Danfo is right get used to getting your hands dirty and do a little maintenance. You will learn stuff as you go and will build up equity and so on as the time passes by. I also don't think anyone who has bought house in a decent location and city has done better from investments on this forum in the last 20 to 30 years. They all like to talk about the numbers and so on but it never is the way they say it is.

At this time however one does need to make good investments and save a lot to buy a house today. I do also believe this generation will have a much harder time affording a home then we did in the past and our fathers generation had it easier then us. We will need belguy to verify this because it sounds like he has lived before even cars were invented. I know no one has ever really had it easier it is just that inflation helped a lot to those who bought before. Also high interest rates were a big help keeping a lid on prices and being so high gave a lot of room for them to come down which can't happen now.


----------



## Oldroe (Sep 18, 2009)

Why not turn it in to a rental.

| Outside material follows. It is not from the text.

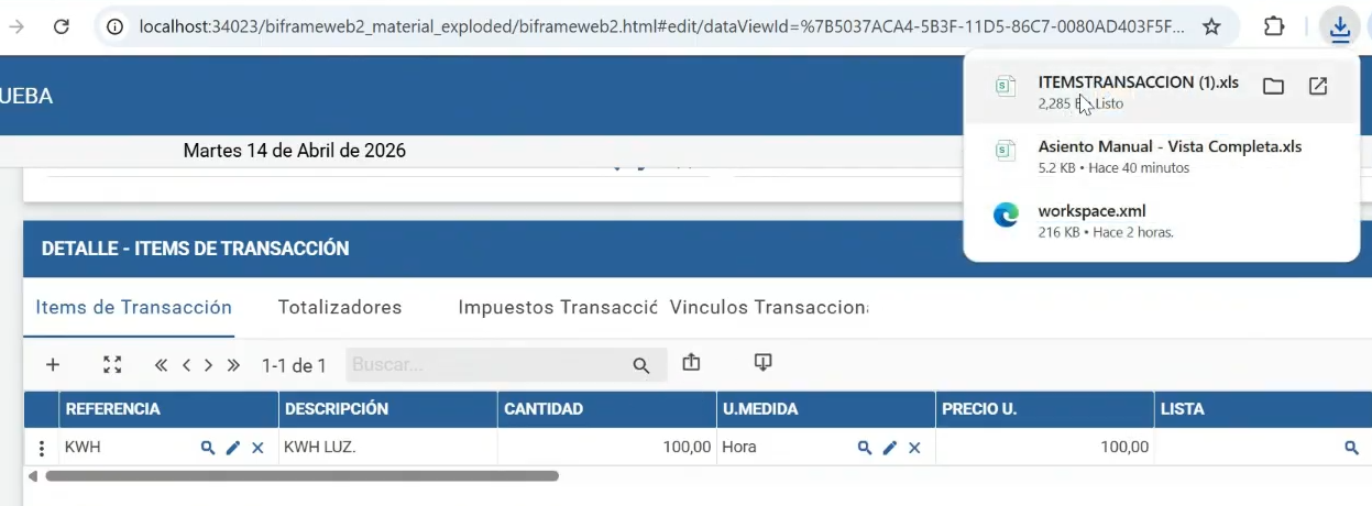 → Resultado esperado: El sistema generará automáticamente los ítems en la grilla.

Hire yard maintenance, handy man repairs ect.

And you will be the tenant.


----------



## larry81 (Nov 22, 2010)

Sound like a condo might be the best for you, no maintenance hassle


----------



## kcowan (Jul 1, 2010)

larry81 said:


> Sound like a condo might be the best for you, no maintenance hassle


Anyone who claims a condo is no hassle has been very lucky living in their condo. Restrictions that are capricious, high HOA fees and special assessments are the norm.

To me the only advantage to ownership is the exceptional financial leverage that you are forced to take on. Everything else is emotional. Not that emotions aren't important.


----------



## drip99 (Aug 27, 2009)

Get a student renter to help with mortgage


----------



## carverman (Nov 8, 2010)

dagman1 said:


> If you think objectively about your home, it's only appreciated 5.45% over the years (plugging in Jan. 1, 1996 as the buy date).

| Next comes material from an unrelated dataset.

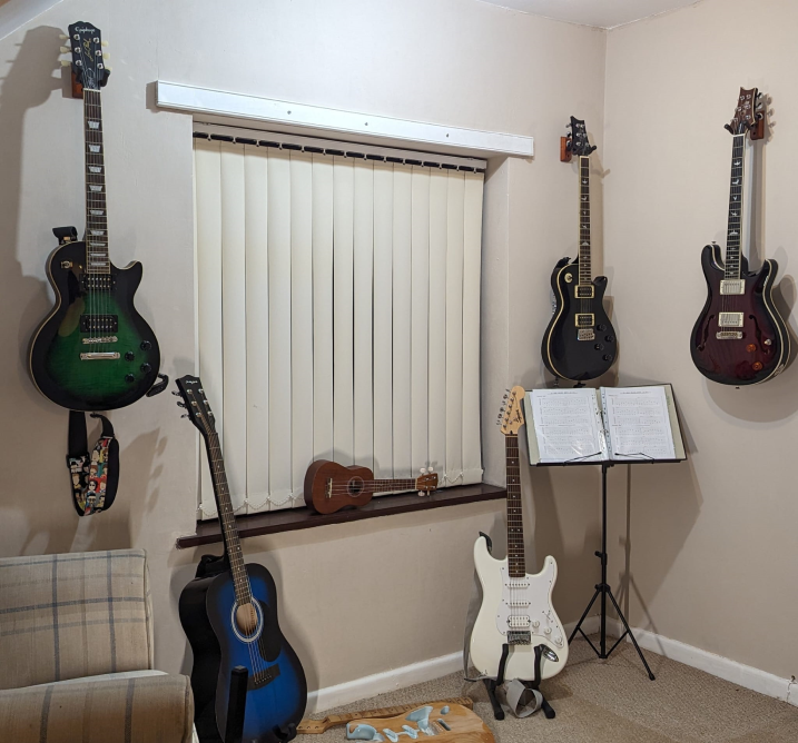 If you haven’t guessed from the name of the blog, I’m also mad about all things guitar! I’ve been playing, collecting and honing my luthier skills over the last 3 years , my office has become more of a studio.

You strike an interesting argument.

Ok, if I had $121K in the first place, (rented my living space instead of buying
at say $1000 per month) and invested $121K (1996) in a safe interest bearing investment over 15 years, how much would I have today?...
considering:
1) the banks pay diddly squat compound interest
2) the government taxes you at your effective tax rate on that interest
3) The real rate of inflation is closer to 5% per year, not the propaganda
that Stat's Canada give you on a few staple items. 



> Now subtract interest on your mortgage, property taxes, and maintenance. I'm betting that your house has actually returned negative.

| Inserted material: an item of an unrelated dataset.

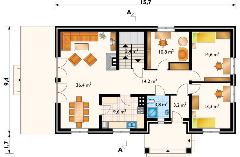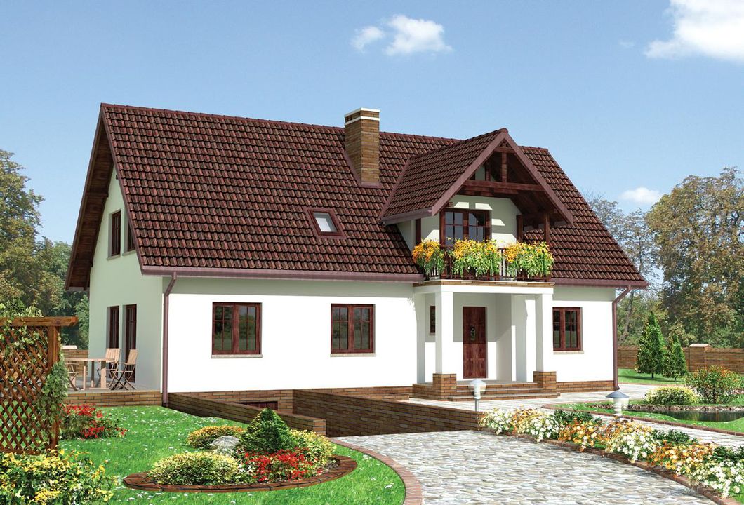 Graficzne opracowanie rzutów poglądowych widocznych na karcie projektu zostało wykonane przez Extradom.pl. Prezentowane przez Extradom.pl wizualizacje wykonane zostały przez autora projektu i należy poczytywać je jedynie za przykład i propozycję wykończenia, wizję architektoniczną autora projektu. Ostateczne wykończenie budynku może nastąpić na wiele sposobów. Szczegółowe rozwiązania zastosowane w oferowanej dokumentacji - w tym również ilość, lokalizacje i wygląd okien, drzwi, kominów - mogą w niewielkim stopniu różnić się od prezentowanej wizualizacji budynku.

Mortgage payments, property taxes and maintenance are included as cost
of living somewhere. 

If you pay rent, the landlord's portion of property taxes and building maintenance are built into his rental price...you don't actually think that the
landlord pays that out of his own pocket do you? ..it all comes from the
renter..it's a business. 



> Now that's not to undermine your decision to buy a house. But only to make the point that there isn't inherently anything better about buying from a financial standpoint, and that home owners often overestimate their returns from their property.


Look at this way..unless you can live in your parents home for FREE..
...*your personal living space is going to cost you*one way or another.

If you rent your own personal living space at say..$1000 a month..
it's going cost you $12K per year..money that is paid out in exchange 
for living space.

If you can swing the downpayment (10%) to get a conventional mortgage
from the mortgage lenders, and the mortgage payment is $1000 per month,
it is going to cost you the about the same for a few years, until the interest payments on the $110K you borrowed starts to come down at the point
that you are finally starting to pay off the principal in greater amounts each
month..over a 20 year amortization period.

RENTING:
So over 20 years...(assuming here there isn't any renter's lease increases, which there always is), you have paid out $240K by renting..that money is no longer available to you as equity....or "money in the bank", but you got accomodation from paying it.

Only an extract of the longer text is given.